We devised a novel vascular access using an external iliac vein as an entry point for cuffed tunnelled catheters. We expected iliac catheters inserted from above the inguinal ligament (Figure 2) to be better suited to long-term use than femoral catheters, as the latter are subject to repeated kinking, accompanied by occlusion of the femoral vein when patients flex their hips. This may increase the risk for catheter and/or venous thrombosis. In addition, heparin used to block the catheter may be released into the blood stream by kinking and stretching, which renders the femoral catheter more susceptible to clotting. Consequently, bed rest is advised for patients with femoral catheters. In contrast, our iliac catheter patients were able to ambulate.

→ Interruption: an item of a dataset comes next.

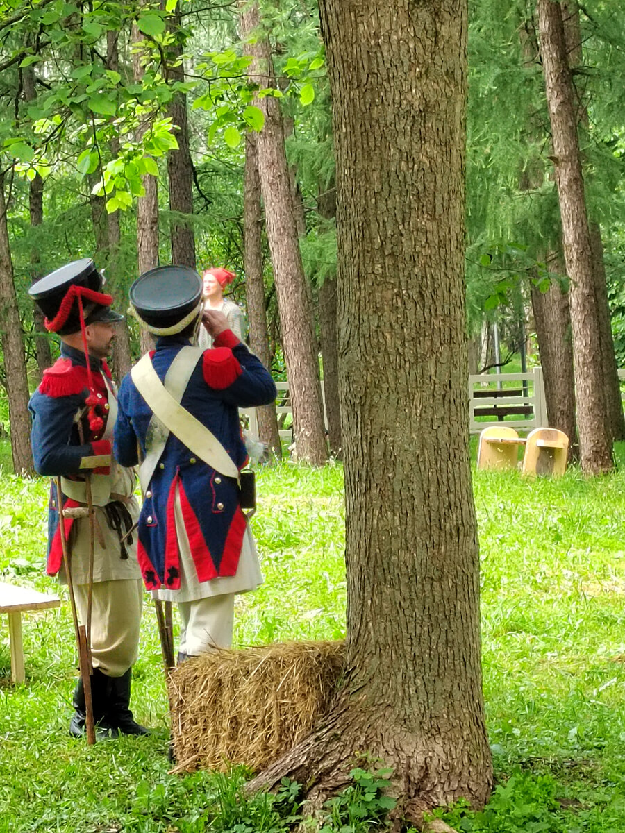 В Москве проходит очередной фестиваль "Времена и эпохи". А в этом году организовали его площадки не только в центре города, но на окраинах, так сказать... В нашем парке тема погружения Отечественная, война 1812 года. Поэтому полянки и опушки заполонили гусары, крестьяне и крестьянки, дамы и кавалеры.

All of the iliac catheters described in this report have remained functional over an observation period of more than 1500 days. The catheters of patients A and E required mechanical declotting or urokinase instillation a number of times. Notably, these two patients presented with hypercoagulative states; patient A suffered from renal-cell carcinoma, and patient D had circulating lupus anticoagulant. None of the catheters had to be exchanged due to malfunction. In comparison, the primary patency rate of femoral cuffed tunnelled catheters was 55% after 180 days in one report [5]. In another study, only 50% of femoral cuffed tunnelled catheters were still in use 3 months after placement [6]. Maya and Allon [7] reported a median femoral catheter survival of only 59 days.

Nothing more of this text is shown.